## [DATA EXCERPT]
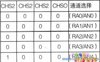 ADCONO的5~3位(Bit5、Bit4和Bit3)CHS2、CHS1、CHSO是A/D转换模拟通道的选择,对Pic16F873A芯片,有下述关系:
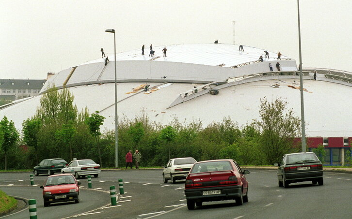 Langileak Ilunbeko zezen plazako kupulan lanean.
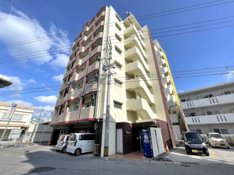 建物はこちらも8階建て。那覇市内ではお馴染み“Mr.Kinjo”系列のアパートメントホテルですが、フロントデスクがこの建物には無い為、チェックイン手続きはここから徒歩2分の所にあるMr.Kinjo in Nahaまで出向く必要があります。
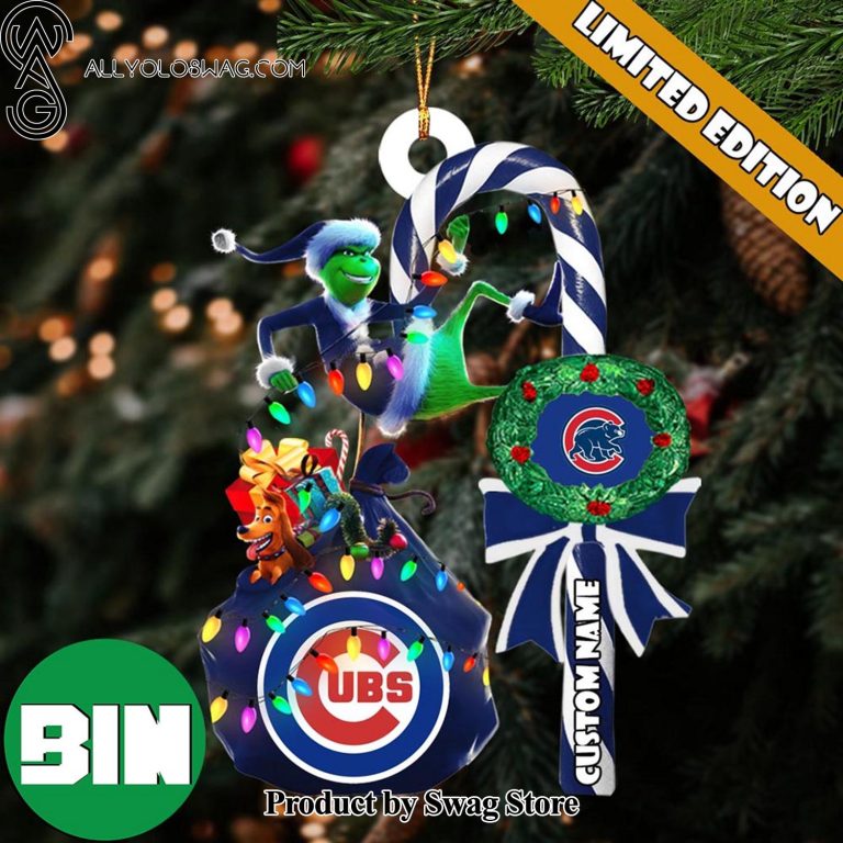 NOTE: [Top-selling] Chicago Cubs MLB Custom Name Grinch Candy Cane Christmas Tree Ornament

## [WORK ITEM]
Write the lines out word for word, starting at the one with "Langileak Ilunbeko zezen" and stopping after the last line of the material above, with pictures excluded.

## [ANSWER TO THE EXERCISE]
 Langileak Ilunbeko zezen plazako kupulan lanean.
 建物はこちらも8階建て。那覇市内ではお馴染み“Mr.Kinjo”系列のアパートメントホテルですが、フロントデスクがこの建物には無い為、チェックイン手続きはここから徒歩2分の所にあるMr.Kinjo in Nahaまで出向く必要があります。
 NOTE: [Top-selling] Chicago Cubs MLB Custom Name Grinch Candy Cane Christmas Tree Ornament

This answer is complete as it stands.